I do not work for Foresters. :msp_tongue: Buy stumpage myself.


----------



## OlympicYJ (Oct 29, 2012)

Oldtimer said:


> I do not work for Foresters. :msp_tongue: Buy stumpage myself.



Well then we shouldn't be any sort of road block to ya!


----------



## Oldtimer (Oct 30, 2012)

I was just thinking aboot my logging bretheren. They need all the breaks they can get!:msp_thumbup:


----------



## madhatte (Oct 30, 2012)

You guys wouldn't know where to cut if we weren't there with paint and flagging and legalese. It's a symbiosis.


----------



## Oldtimer (Oct 30, 2012)

A wonder how I have been able to log for 17+ years without a forester. 
Just dumb rookie luck is all.


----------



## madhatte (Oct 30, 2012)




----------



## Oldtimer (Oct 30, 2012)




----------



## hammerlogging (Oct 30, 2012)

madhatte said:


> You guys wouldn't know where to cut if we weren't there with paint and flagging and legalese. It's a symbiosis.



give a man a role of flagging and he thinks he's a ####ing cop!


----------



## hammerlogging (Oct 30, 2012)

Humptulips said:


> Nope doesn't sound right. With all the tree lengthing going on you seldom see them heel a log and swing it.
> The butts always towards the landing. Walk away from the pile as far as you can still reach, grab the butts and swing while dragging the logs to as far as you reach. 2x boom reach plus length of machine. More like 80' but your mileage may vary.



My math sounded high when I enterred it--- no you wouldn't heel and swing to where you've changed orientation though there can be heeling as the pass begins-- and no, indeed no heel from the small end. I have seen some mean end over end passes sliding the grapple down the stem as she goes. and some stem shuffle to increase the pass length, but its still not 165 is it. 

You are a real resource there, hope I know what you know one day


----------



## Humptulips (Oct 30, 2012)

hammerlogging said:


> hope I know what you know one day



I hope you have higher aspirations then that. You're setting the bar pretty low.


----------



## madhatte (Oct 30, 2012)

hammerlogging said:


> give a man a role of flagging and he thinks he's a ####ing cop!

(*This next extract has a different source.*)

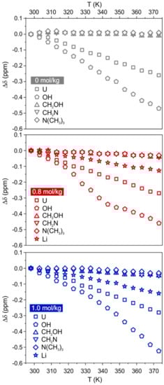 1H and 7Li chemical shift variations of ChCl:U-LiCl(0) (top, grey), ChCl:U-LiCl(0.8) (middle, red), and ChCl:U-LiCl(1.0) (bottom, blue), as a function of temperature. Maximum errors are estimated to be 2% for 1H and 7Li, and 4% for OH protons.

jinglin' mah spurs right now


----------



## Gologit (Oct 30, 2012)

hammerlogging said:


> give a man a role of flagging and he thinks he's a ####ing cop!



Give the new foresters _two_ rolls of flagging. Let's see if they can bring the unit corners in square.


----------



## hammerlogging (Oct 30, 2012)

Gologit said:


> Give the new foresters _two_ rolls of flagging. Let's see if they can bring the unit corners in square.



you sir I would love a good sparring with, nothing like a challenge of the wits. 

last one I tried to have an intelligent conversation with told me that I could get that far corner of junk on a convex slope I diplomatically elected not to cut at all by running a skyline perpendicular and across the first five lines logged. I had to bite my tongue when that was suggested! Yes, I could get it that way. Yes. then again, when i jumped out of my truck on my way out when he was visiting the job to say hello and he looked at my crocs and asked if I cut in those, damn, he makes it hard not ot be a completely rude smartass. When he saw my 34" .063 bar on a hopped up 660, and said most folks around here run shorter bars I said " there's alot of things I do different, thats the reason I'm here"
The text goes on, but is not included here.